This opinion piece appeared in The Fresno Bee on December 14, 2018.
By Kevin Hall
Climate change denial is alive and well in the San Joaquin Valley. Most worryingly, it is the dominant opinion among politicians serving on our regional air quality board. The eight-county agency handles hundreds of millions of dollars annually in state funds dedicated to reducing greenhouse gases, and the money couldn’t be in worse hands.
At issue is our children’s survival. Not our grandchildren, this generation. The babes and toddlers around us already face an uncertain adulthood due to the latent excess heat stored in the ocean that will be warming the planet for decades to come.
Last year’s jump in global emissions has the world on track with scientists’ worst-case outcome. Under that scenario, sometime between 2030 and 2050 six thresholds known as “tipping points” get crossed at a 1.5 C increase in global average temperature, unleashing natural stores of greenhouse gases that no amount of reductions by humans can reverse.
Yet climate-change deniers on the San Joaquin Valley Air Pollution Control District board have gone so far as blame the tragic loss of life in the climate-fueled Camp fire on a lack of logging. They mistakenly claim forest management practices are responsible for all state wildfires in recent years, though the majority of the deadly infernos have been at foothill elevations, and most important, increasingly frequent wildfires of greater intensity are now a worldwide phenomenon.
It’s not possible to provide specific citations from air board meetings so people might witness this appalling ignorance firsthand. The secretive agency refuses to post an online archive of its proceedings.
Clearly this body is ill-suited for its role in helping to address the immediate and long-term threats of our destabilizing atmosphere, despite the threats faced by 4 million, soon to be 6 million, Valley residents.
Consider the risk from wildfire. Foothill communities lying at the mouths of the canyons and river gorges of the Sierra Nevada could face the same meteorological conditions that led to the deaths of unfortunate Butte County residents in Magalia and Paradise. Like here, the populations of those towns were disproportionately retirees, many of whom had physical mobility limitations and couldn’t escape the flames.

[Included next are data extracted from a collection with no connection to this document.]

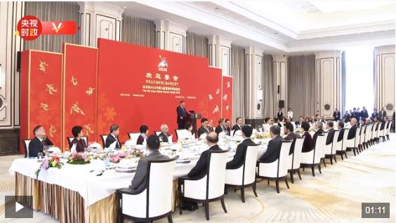 2月7日中午,國家主席習(xí)近平和夫人彭麗媛在黑龍江省哈爾濱市太陽島賓館舉行宴會,歡迎來華出席哈爾濱第九屆亞洲冬季運動會開幕式的國際貴賓。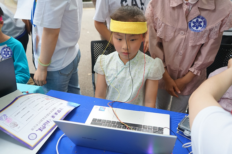 5月13日下午,在“腦智擘未來”科普市集上,近千名中小學生及陪同家長體驗了腦電協作、腦電對抗、僵尸跳舞、力量召喚閃電、斑馬魚的裙擺、眼控避障、視覺錯覺、假手錯覺、斑馬魚明暗選擇、多感覺整合、襁褓中的實驗動物、大腦地圖的VR、心靈的窗戶、腦功能水平測試等14個生動有趣的科普實驗,系列實驗由腦智卓越中心科普協會和相關實驗室根據日常科學實驗和最新科研成果原創制作而成,實驗充分結合公眾對社交化、娛樂化、游戲化等科普內容的偏好,將日常看不見、摸不著、感受不到的腦電、肌電信號,采取信息化手段和趣味性比賽、協同合作等方式呈現出來,使得曾經“高冷”的專業操作,以更多元、更新潮的方式綻放科學的魅力,體驗現場充滿了緊張與期待、驚奇與歡笑。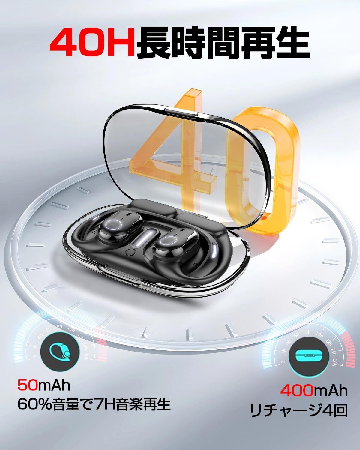 【6時間連続使用可能・軽量設計でわずか9グラム】耳掛け式イヤホン bluetooth ワイヤレスは、6時間以上の連続再生が可能な長時間バッテリーを内蔵しており、一日中音楽を楽しんだり、ゲームやドラマを視聴することが問題なく可能となります!また、最新の音響振動子技術を採用し、一日中快適に使用できます。ブルートゥース イヤホンは主流Type-C急速充電に対応して、わずか2時間の充電で最大40時間の音楽連続再生が可能です。9gの軽量設計で、装着していることを忘れるほどの自然なつけ心地を実現しています。

All that’s missing, for now, are the high easterly winds that drove the incineration of 70,000 acres in 24 hours, spawned a fire tornado and took at least 85 lives. Such winds are possible here now as the jet stream’s path becomes increasingly unstable, dipping further south and more forcefully into this region.
The urgently needed adaptations and pollution reduction efforts are complex, involved and expensive. And they’re beyond the interest and ability of our air board.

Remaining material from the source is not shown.